The LEICA ELMAR-M 24mm f/3.8 ASPH is an extremely compact lens, especially for such a wide angle, which also offers outstanding imaging performance. Even wide-open, it delivers uniformly excellent reproduction quality over the entire image field, only deteriorating slightly towards the edges in the close-up range. This performance can only be improved slightly by stopping down, which means that you can take photographs wide open without concerns, unless your compositional ideas call for a greater depth of field that can only be achieved with smaller apertures.
The vignetting characteristic of every optical system is naturally more pronounced on a super wide angle lens than on normal and long focal length lenses. With the diaphragm completely open, it is a maximum - i.e. in the corners of the image - of around 1.9 stops for the 35mm format, or around 1.1 stops on Leica M8 models with their slightly smaller format. Stopping down to 5.6 visibly reduces this light falloff at the image edges - to 1.4 and 0.8 stops respectively.
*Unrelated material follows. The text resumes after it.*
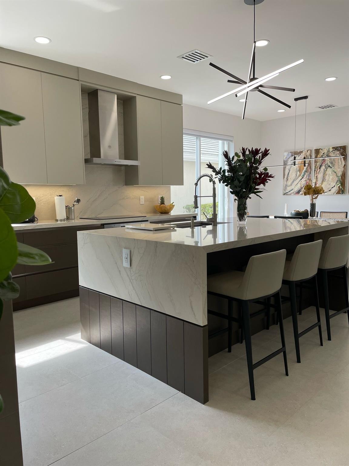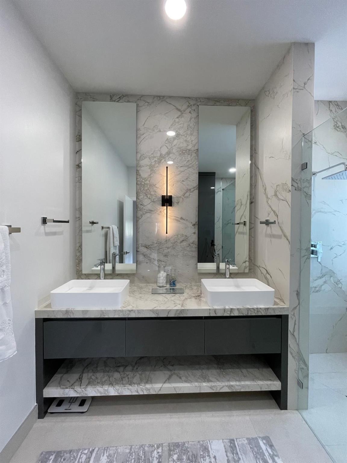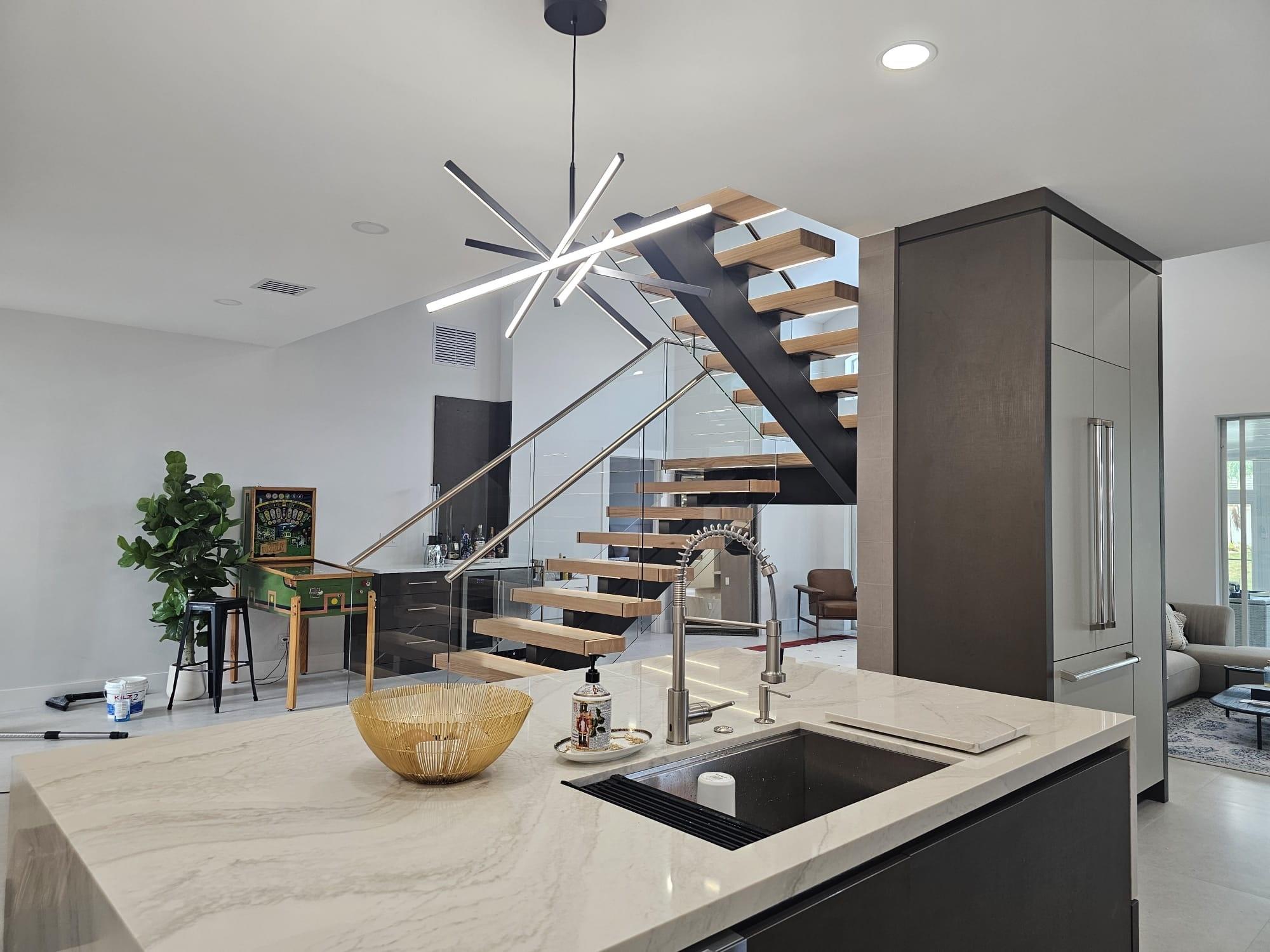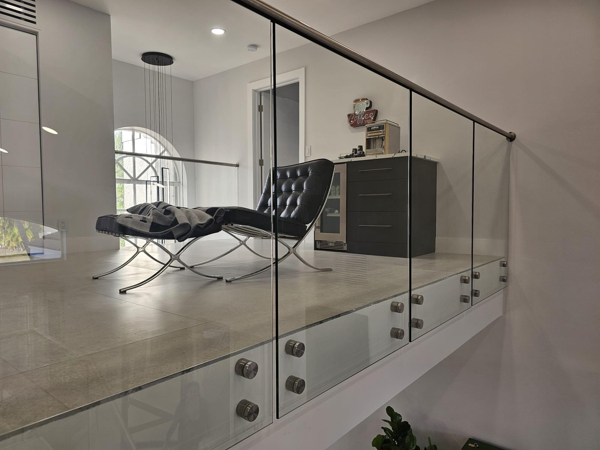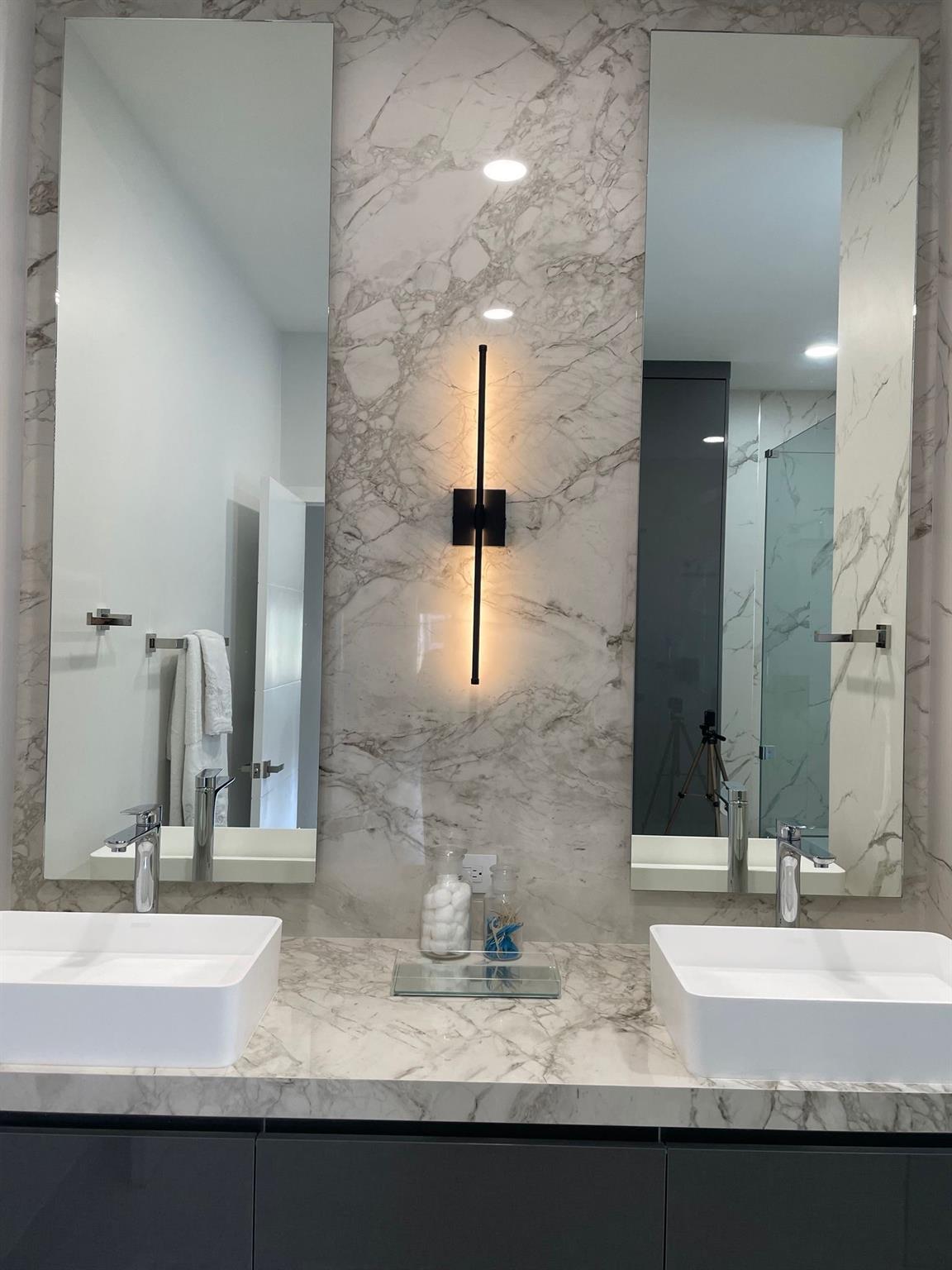 Experience modern luxury in this fully upgraded 4-bedroom, 4.5-bathroom home with a den, offering lake views & premium features throughout. The kitchen boasts Bertazzoni Italian appliances, quartz countertops, custom cabinetry & advanced lighting. The interior showcases large-format porcelain floors, recessed LED lighting, smart climate control & sleek finishes. The spacious living room includes a custom bar & a glass-railing staircase. Primary suite features custom closets, frameless showers & smart toilets, while guest bedrooms provide similar high-end finishes. The mezzanine includes a morning bar with a wine fridge. Additional amenities include hurricane shutters, an epoxy-finished garage, new exterior lighting, and updated plumbing fixtures. This home combines style & functionality.

Stopping down further does not bring about any notable reduction since essentially only the natural vignetting remains.
The lens' maximum distortion is around 1% and therefore hardly perceptible.The retrofocus-like construction is made up of a total of eight lens elements and the use of an aspherical surface and glass types with anomalous color dispersion (partial dispersion) make a crucial contribution towards restricting aberrations to an absolute minimum.